PD-L1 expression in high-risk non-muscle invasive bladder cancer is not a biomarker of response to BCG

Abstract

Purpose: Up to 50% of high-risk non-muscle invasive bladder cancer (HR-NMIBC) patients fail Bacillus Calmette-Guérin (BCG) treatment, resulting in a high risk of progression and poor clinical outcomes. Biomarkers that predict outcomes after BCG are lacking. The antitumor effects of BCG are driven by a cytotoxic T cell response, which may be controlled by immune checkpoint proteins like Programmed Death Ligand 1 (PD-L1). Here, we hypothesized that PD-L1 protein expression could serve as a biomarker for BCG-failure. Methods: HR-NMIBC patients who received ≥ 5 BCG instillations were included. Tissue microarrays were constructed from BCG-naïve tumors and recurrences and stained with the PD-L1 (SP142) antibody. PD-L1 status was defined as ≥ 5% tumor-infiltrating immune cells with membrane staining in the tumor area. Clinicopathological associations with PD-L1 positive tumors were investigated, and time-to-event analyses were performed comparing PD-L1 positive vs. negative tumors. Results: 432 BCG-naïve tumors and 160 recurrences were included, and 91% of patients received adequate BCG. In BCG-naïve tumors, PD-L1 was expressed in 7% of patients and PD-L1 expression was associated with stage T1 versus Ta disease (p = 0.015). PD-L1 expression was not associated with treatment failure after adequate BCG (p = 0.782) nor with progression-free survival (p = 0.732).

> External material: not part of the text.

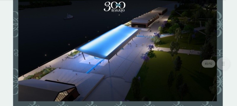 Además, entre los galpones 13 y 15 se levantará una estructura abierta que refleja las letras “Rosario” en el piso, creando una zona de atracción turística. La puesta lumínica está basada en los colores celeste y blanco de la bandera.

Testing cut-offs of ≥ 1% and ≥ 10% PD-L1 positivity did not alter results. High PD-L1 expression was more frequent in tumor recurrences (14%) as compared to BCG-naïve tumors (p = 0.012). Conclusion: PD-L1 expression in HR-NMIBC is not a biomarker of response to BCG. However, PD-L1 is higher in a subset of tumors that failed BCG treatment. More research is needed to determine the role of PD-L1 in tumors where BCG treatment failed.